Neglected Bernstein

Leonard Bernstein (1918-1990), the world-famous conductor, composer, pianist, lecturer, larger-than-life personality;  how could I refer to him as neglected?  It seems that Bernstein’s handprints are everywhere in the world of music.  I do, however, believe some of his work is neglected.  Okay, somewhat neglected.  I might trade valuable appendages to be as “neglected” as the symphonies of Leonard Bernstein.  But compared to the audience there is for West Side Story, On The Town, or Fancy Free, his symphonies have a small following.

Lenny
Leonard Bernstein

In May, I wrote a post about Bernstein’s music for Candide which can be read at “Time to Make Our Garden Grow”.  Almost all of Lenny’s compositions have a literary connection. His three symphonies all have programmatic elements.  In fact, all three deal with crisis of faith, man’s faith in God, in himself, and a painful renewal of that faith.  The first symphony, Jeremiah, takes its cue from the story of the biblical prophet.  The second, The Age of Anxiety, uses the W.H. Auden poem as its literary inspiration.  The third symphony is a “Kaddish”, a Hebrew hymn of praise to God most closely associated with memorials for the dead.  Not quite as flashy as the Sharks and Jets dancing about, but all are very moving pieces. The work most familiar to me is his Symphony No 1, Jeremiah.

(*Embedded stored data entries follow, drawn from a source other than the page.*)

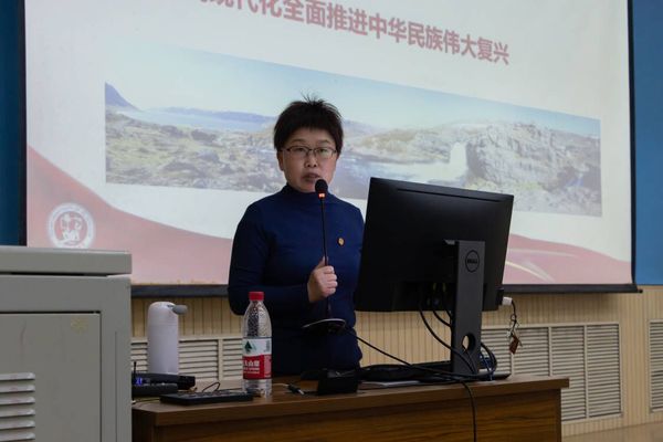 会上,原丽红教授以“迈上新征程,迎接新挑战”为主题,为参会同学系统全面地解读了党的二十大主题,带领广大同学深刻领悟“两个确立”的重大意义,明确了党的二十大召开的意义,宣誓中国共产党对当今中国发展面临的战略环境所作出的新的重大判断。她指出“不谋全局,难谋一域”,提倡广大同学要有大局意识,不要局限于某件事情的局部区域,要审时度势,继往开来!接着,她从新征程、新境界、新状态三个方面解读了二十大的主要内容。带领广大学生学习了中国共产党的中心任务就是团结带领全国各族人民全面建成社会主义现代化强国、实现第二个百年奋斗目标,以中国式现代化全面推进中华民族伟大复兴。最后,她以“时代大风起,狂飙从天落。好风频借力,送我上青云”作结,寄托了她对新时代青年的厚望,时代波谲云诡,新征程的号角已经吹响,广大青年当把握发展机遇,乘风而起,直达青云,做时代的弄潮儿。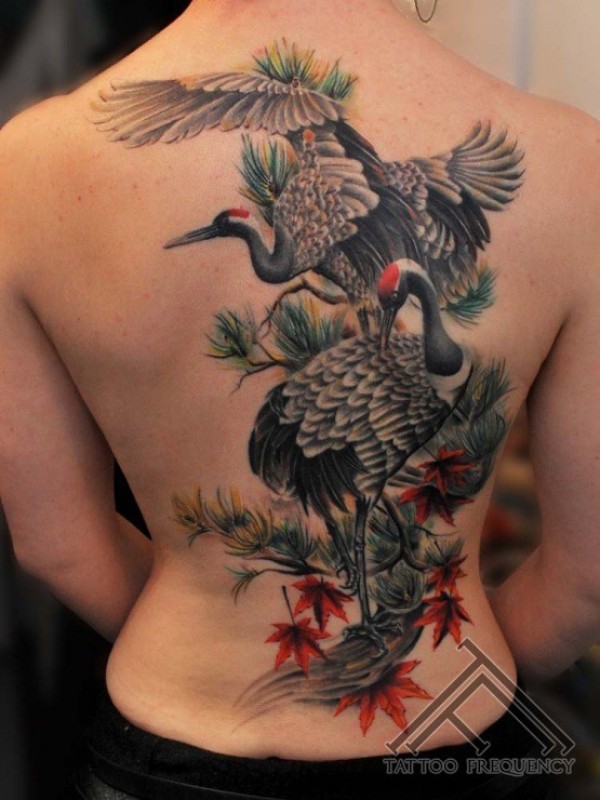 背部令人惊叹的写实风格彩色仙鹤树枝纹身图案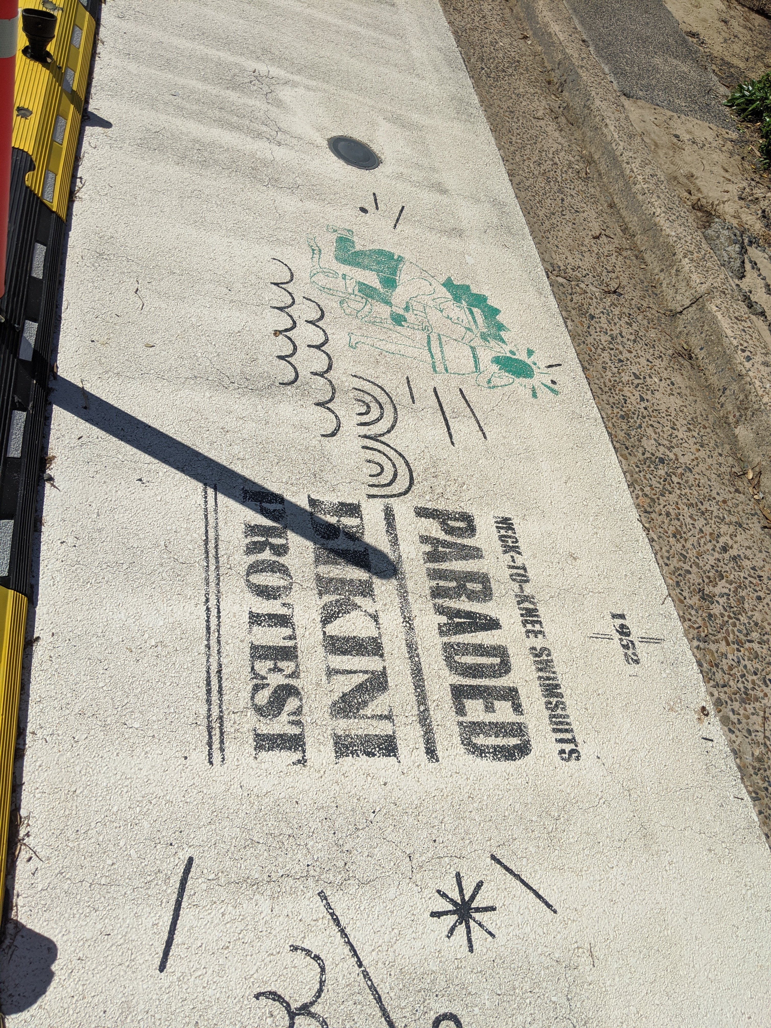 In the path up the hill, headlines from past newspapers were painted on the sidewalk. They were very interesting and included the year it appeared.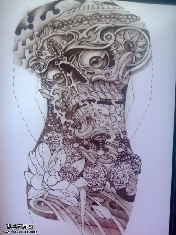 能面万媚纹身手稿_52张日式能剧面具纹身手稿图案素材欣赏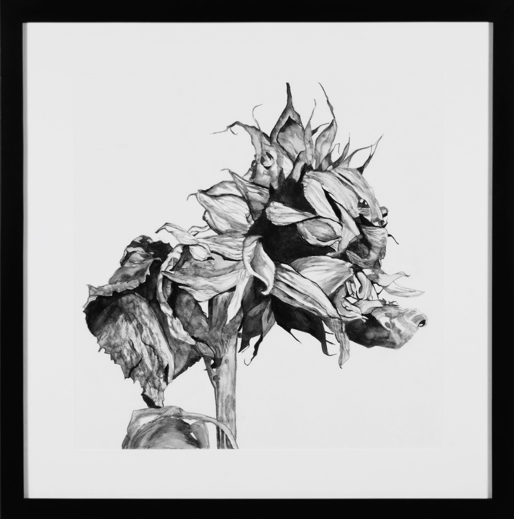 Transitions 5 Brown, C. (2017). Sunflower Portrait Series; Transitions #5 of 7, Chinese ink on Arches watercolor paper, 36” x 36”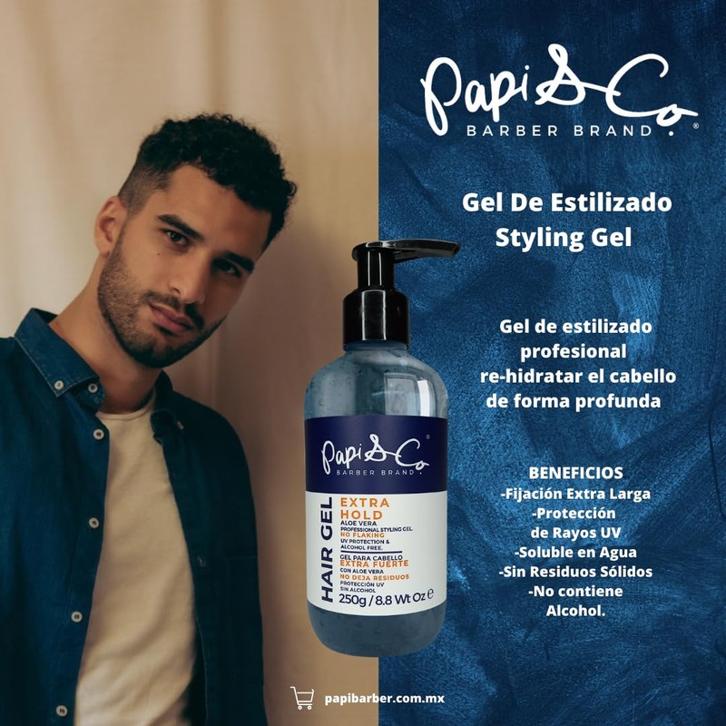 BENEFICIOS Gel de estilizado profesional con ingredientes naturales para re-hidratar el cabello y mantenerlo sano. – Fijación profesional extrema. – No genera residuos. – Protección de calor.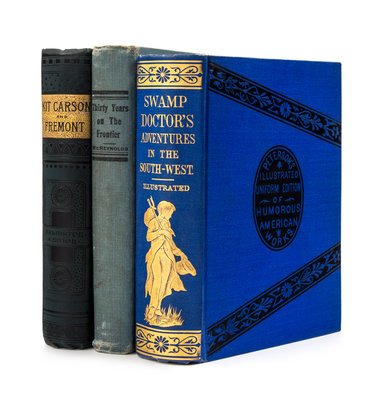 BRYAN, Daniel. The Mountain Muse: Comprising the Adventures of Daniel Boone and the Power of Virtuous and Refined Beauty. Harrisonburg: Printed for the Author by Davidson & Bourne, 1813. 12mo. Half-title. Contemporary calf. FIRST EDITION. Provenance: Ericson Public Library, Boone, Iowa (bookplate). -- CARSON, Kit and John C. Fremont. The Daring Adventures of Kit Carson and Fremont, Among Buffaloes, Grizzlies and Indians... New York: Hurst & Co., Publishers, 1885. 8vo. Frontispiece. Publisher's dark green cloth, black and gilt embossed lettering. "Arlington Edition." Provenance: Possible copy belonging to Albert Bernhardt Faust (1870-1951) from his days at St. Paul's Sunday School. Bernhardt Faust was a renowned German scholar and professor, most notably Cornell University. -- McREYNOLDS, Robert. Thirty Years on the Frontier. Colorado Springs: El Paso Publishing Co., 1906. 8vo. Frontispiece and 10 other photographic illustrations. Publisher's light blue pictorial cloth. FIRST EDITION, INSCRIBED BY McREYNOLDS on front pastedown. -- LEWIS, Henry Clay ("Madison Tensas"). "Swamp Doctor's" Adventures in the South-west Philadelphia: T.B. Peterson and Brothers, [1858]. Additional illustrated title-page, other numerous engraved plates. Publisher's blue cloth, black and gilt lettered covers and spine. Provenance: Bryant Circulating Library Association of Roslyn, New York (bookplate). -- Together, 4 works in 4 volumes, condition generally fine.

Jeremiah was premiered on January 28, 1944 with Bernstein himself conducting the Pittsburgh Symphony Orchestra. This was a mere three months after Bernstein’s legendary conducting debut with the New York Philharmonic, substituting for an ill Bruno Walter on November 14, 1943.  (Lenny was already on quite a roll.)  This symphony has only three movements, with the mezzo-soprano soloist being featured in the last.

Leonard Bernstein wrote the following about the symphony, quoted from the New York Philharmonic Program Notes, 29 March 1944:

In the summer of 1939 I made a sketch or a Lamentation for soprano and orchestra.  This sketch lay forgotten for two years, until in the spring of 1942 I began a first movement of a symphony.  I then realized that this new movement, and the Scherzo that I planned to follow it, made logical concomitants with the Lamentation.  Thus the Symphony came into being, with the Lamentation greatly changed, and the soprano supplanted by a mezzo-soprano.  The work was finished on 31 December 1942, and is dedicated to my father.

The symphony does not make use to any great extent of actual Hebrew thematic material… As for programmatic meanings, the intention is again not one of literalness, but of emotional quality. Thus the first movement (Prophecy) aims only to parallel in feeling the intensity of the prophet’s pleas with his people; and the Scherzo (Profanation) to give a general sense of the destruction and chaos brought on by the pagan corruption within the priesthood and the people.  The third movement (Lamentation), being a setting of poetic text, is naturally a more literary conception.  It is the cry of Jeremiah, as he mourns his beloved Jerusalem, ruined, pillaged and dishonored after his desperate efforts to save it.  The text is from the book of Lamentations.  

Here is the complete work.  The painting in the video is “The Prophet Jeremiah Mourning the Destruction” by Rembrandt.  I think that was painted in 1630, but don’t quote me on that.  Art History was not my best subject in school.

Leonard Bernstein, Symphony No. 1 “Jeremiah

The finale offers only consolation, not a solution to man’s crisis of faith.  We have to wait until the “Kaddish” to find some sort of renewal of faith in Bernstein’s symphonic output.  I hope Lenny found some peace for himself before he left this world.  His career surely gave a lot of joy to audiences everywhere.